11. December 2014 | Research & Development

Tribology at ITA

The development of textiles and machinery components with the help of tribological research at the Institut für Textiltechnik (ITA) of RWTH Aachen University has a long tradition. It is a 50-year old tradition to be precise. Tribology is a field of expertise for the optimization of mechanical components by reducing friction and wear. This is, for example, for thread guides of machinery for the textile industry of importance. Through this research, the manufacturing of textile products could be improved and made it partially cheaper. In addition, the necessary conditions have been created to process technical textiles such as glass or carbon fiber and allowed developments used in the Formula1.

The first investigations of tribological interactions started at ITA in 1964 with Professor Wegener. He among others laid the foundation for the systematic study of tribological systems in textile technology. His work was continued in 1971 by Professor Lünenschloss and extended by examining the correlation of ceramics and textiles. This pioneering work in the field of tribology established the basis for today's tribological knowledge provided at ITA. The research in this field has since successfully continued by doctoral students and institute directors. Even the current institute director Professor Thomas Gries wrote his thesis at ITA in 1989 in the field of tribology and received his PhD in 1995, also in this area.
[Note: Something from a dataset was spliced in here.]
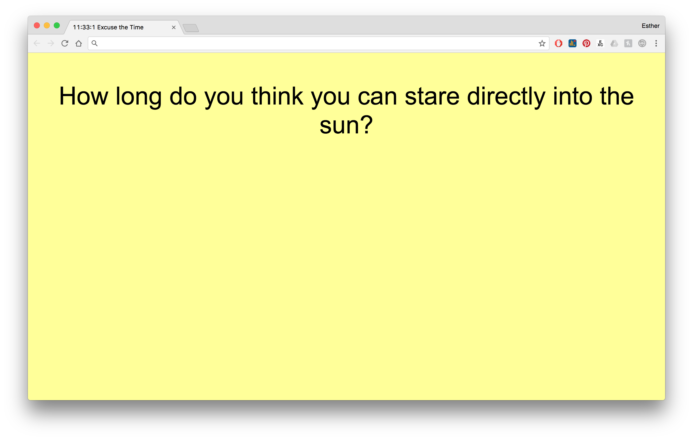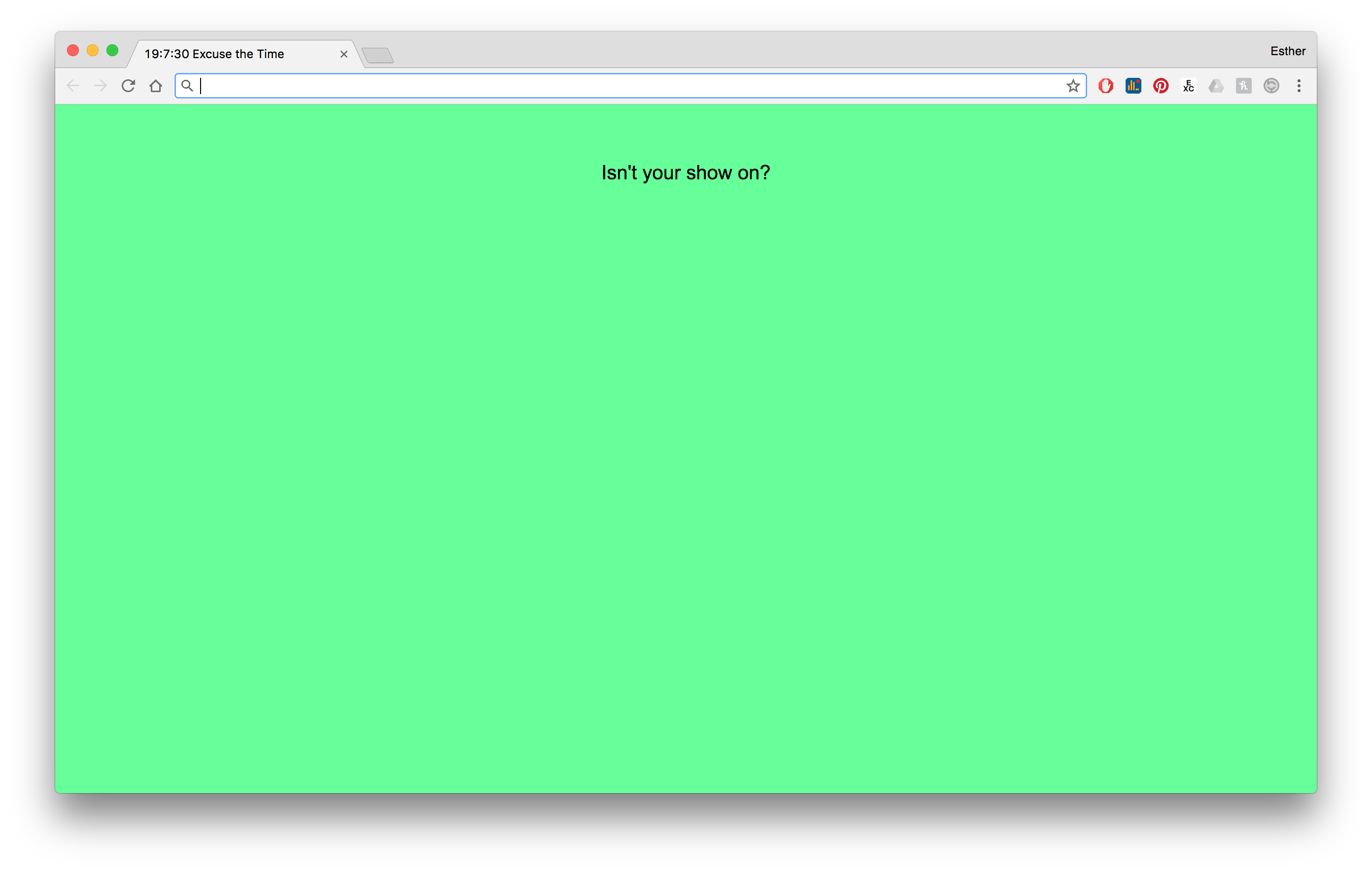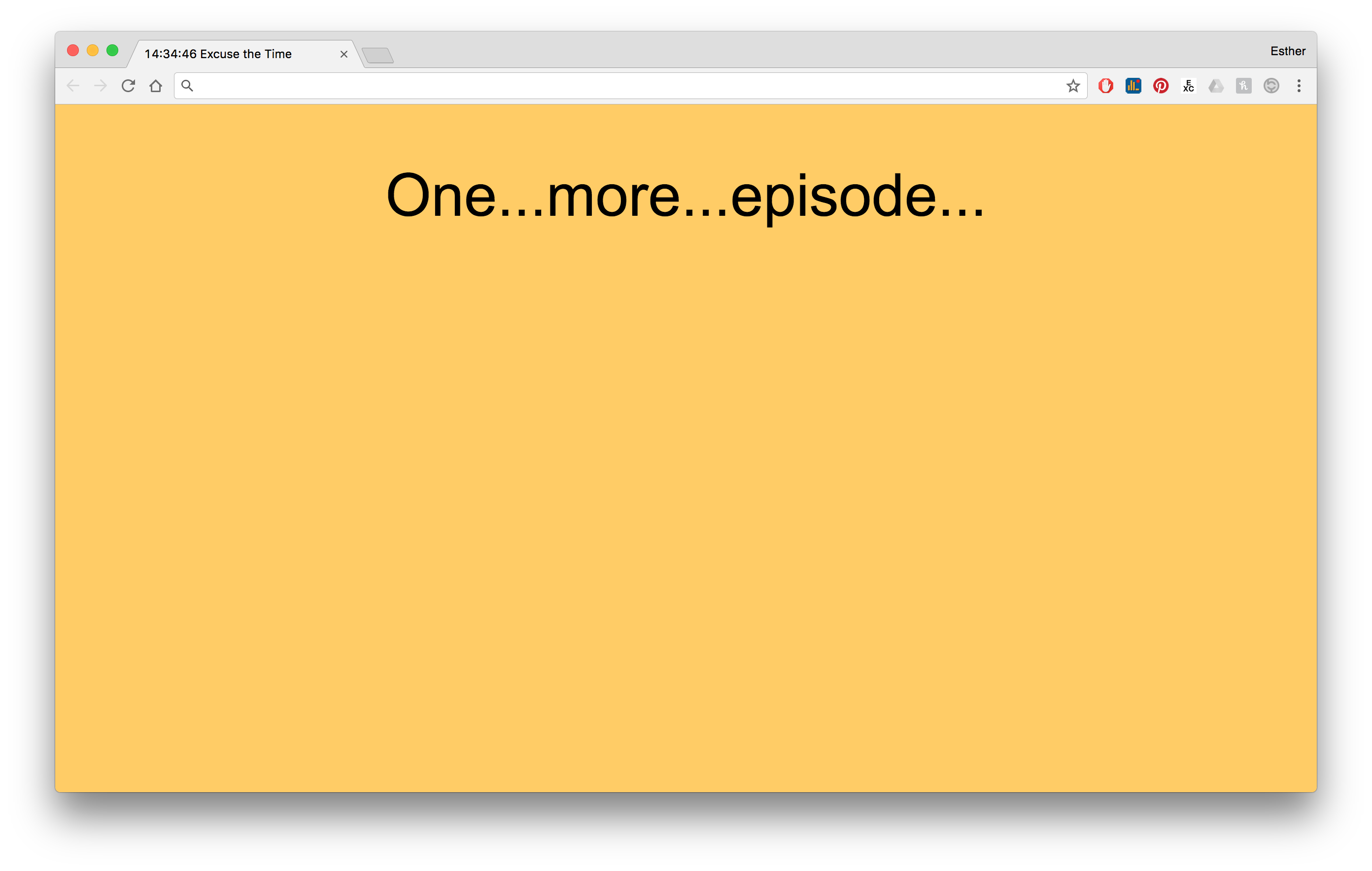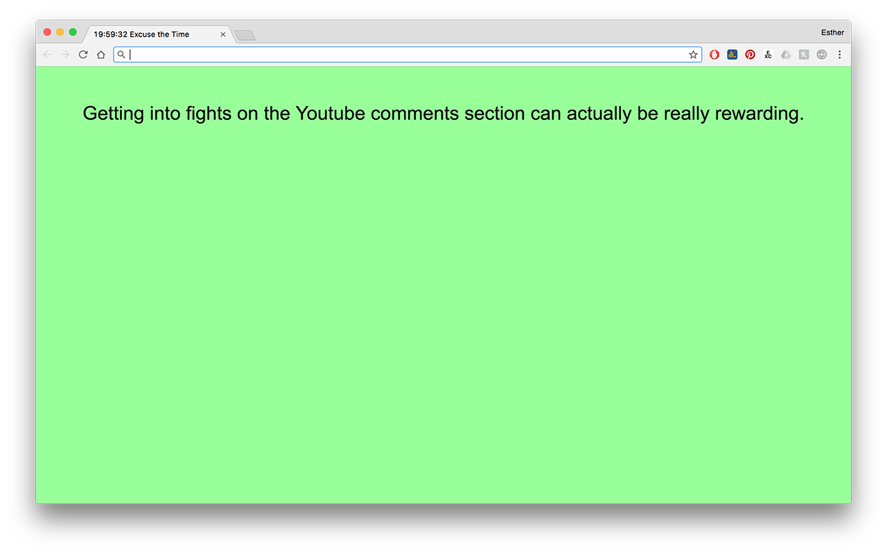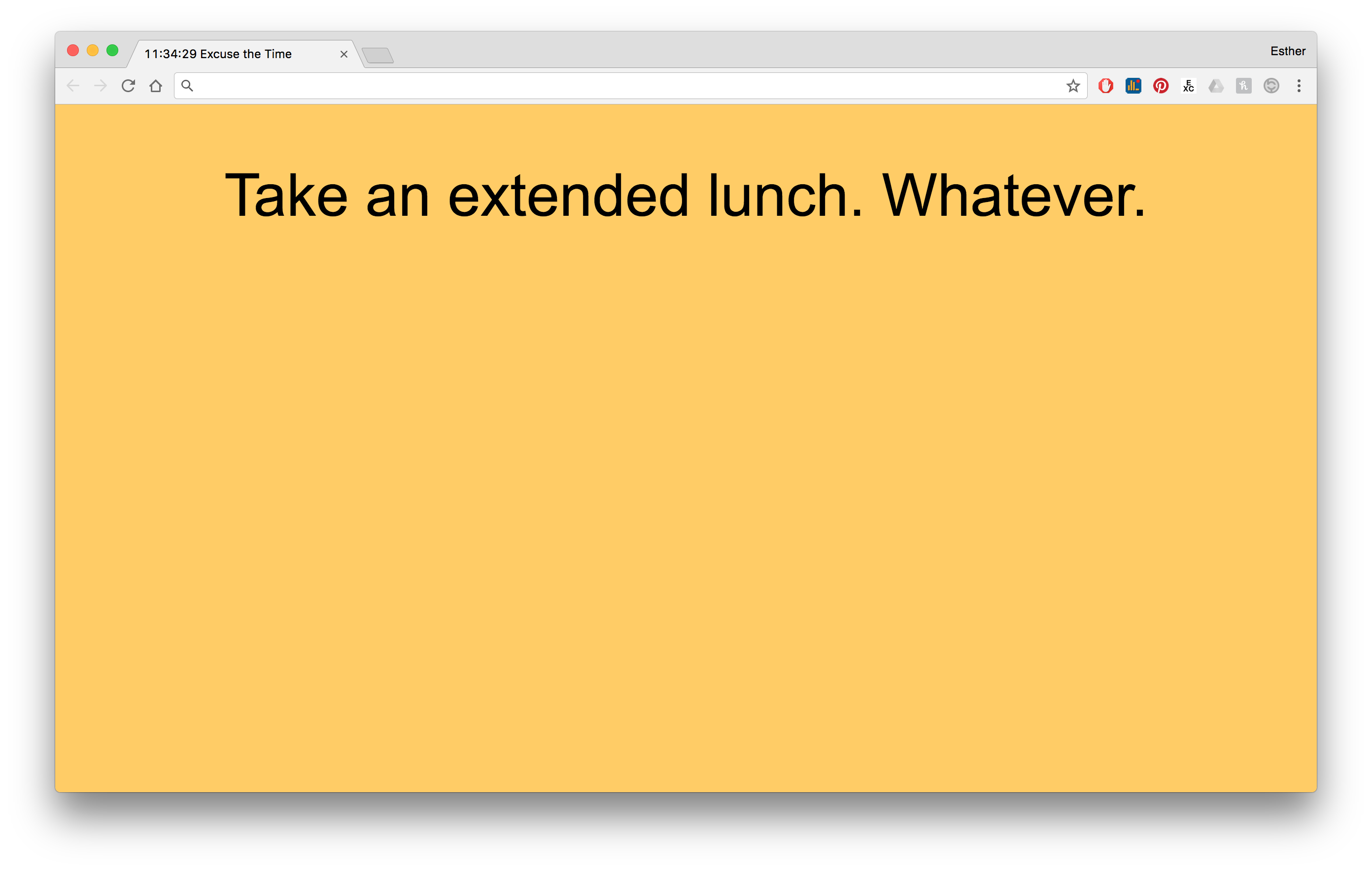 Changes by day: Every day, the background color of the webpage changes, as well as the size of the typeface that displays the excuses. This is meant to convey a creeping sense of urgency to meet a deadline; on Mondays, the text is smallest and the background color is green, to evoke a feeling of having the whole week to get something done. As the week progresses, the background color gradually changes towards red and the text gets bigger, as a subconscious reminder that you're not doing the things you need to get done.

Tribological research and development work is pursued since now half a century at ITA. Classifications, testing methods and equipment have been developed during this period at ITA. In addition, acquired knowledge in the field of tribology was incorporated into the research in production of yarn and processing. Currently, the focus of the tribological studies is material scientific approaches of component designs for machinery, similar to the research of former Professor Lünenschloss. Thus, the former research results are taken up and continued successfully with today's stage of development. The wheel does not always have to be reinvented to still achieve outstanding results in a period of rapid development.

Furthermore, the progressive developments of industrial yarns and textiles as well as their requirements for the manufacturing processes must be considered. The field of tribology research also continues for the next generation researchers and may yet hold many surprises, so that the processing of textiles continues to run "frictionless". But if we are honest, a little bit of friction has never hurt anyone.